Ein wesentliches Ziel des Gesamtprojekts ist, das historische Lernen an Themen, die aus der Geschichte des Ortes Bergen-Belsen generiert werden, mit der Reflektion eigener Fremdheits- und Ausgrenzungserfahrungen zu verbinden und so Spielräume für das eigene Handeln zu erkennen.
Die Veranschaulichung dessen, was Migration bedeutete und noch heute bedeutet, schien uns am ehesten in Form eines Planspiels umsetzbar. Die Fahrt des Schiffes „Exodus 1947“ als Teil der illegalen Einwanderungsbewegung nach Palästina wiederum ist gut erforscht. Es liegt eine Vielzahl von Dokumenten und Berichten vor, die sich sehr gut für die pädagogische Arbeit aufbereiten lassen.
Ziel des Seminarmoduls ist, am Beispiel der eher unbekannten Geschichte der „Displaced Persons“ Herausforderungen und Schwierigkeiten während eines Migrationsprozesses zu veranschaulichen und dies mit Gegenwartstransfers und der Thematisierung von Flüchtlingsrechten zu verbinden.
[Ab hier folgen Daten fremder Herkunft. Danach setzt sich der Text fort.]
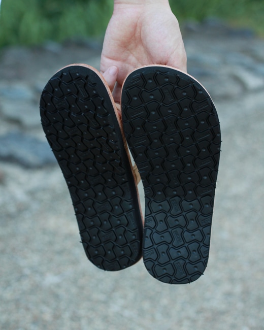 ビーサンだとこれまたラフすぎるのでここではレザーサンダルを。

Voraussetzung für eine Gruppe ist, dass sie bereits einmal in der Gedenkstätte Bergen-Belsen war.
Das Seminar erstreckt sich über zwei Tage. Der erste Tag widmet sich dem Ort Bergen-Belsen mit Schwerpunkt auf dem Ausstellungsteil über das DP-Camp. Den Einstieg am zweiten Tag bildet ein inhaltlicher Input zur Situation in Palästina im Jahr 1947 – dem Jahr, in dem das Schiff „Exodus“ versuchte, dort illegal an Land zu gehen. Im Anschluss findet das Planspiel statt. Grundsätzlich besteht für jede/n Teilnehmer/in die Möglichkeit, während des gesamten Ablaufs aus dem Geschehen auszusteigen.
Das Spiel besteht aus sieben Stationen, die mit denen der Exodus-Passagiere identisch sind.
Gestützt auf biographisches Material lernen die Teilnehmenden die Situation europäischer Jüdinnen und Juden nach dem Zweiten Weltkrieg kennen, deren Ziel die Auswanderung nach Palästina war. Da nicht nur DPs an Bord der Exodus waren, werden im Planspiel neben den „klassischen“ DPs auch ungarische Jüdinnen und Juden, die den Weltkrieg im Budapester Ghetto überlebten sowie polnische Flüchtlinge nach den Pogromen 1946 vorgestellt.
Die Teilnehmenden lernen ebenfalls die jüdischen Untergrundorganisationen Bricha und Haganah kennen, die die Begleitung der Flüchtlinge gewährleisten, sowie die Motivation einzelner Mitglieder, in diesen Organisationen zu arbeiten.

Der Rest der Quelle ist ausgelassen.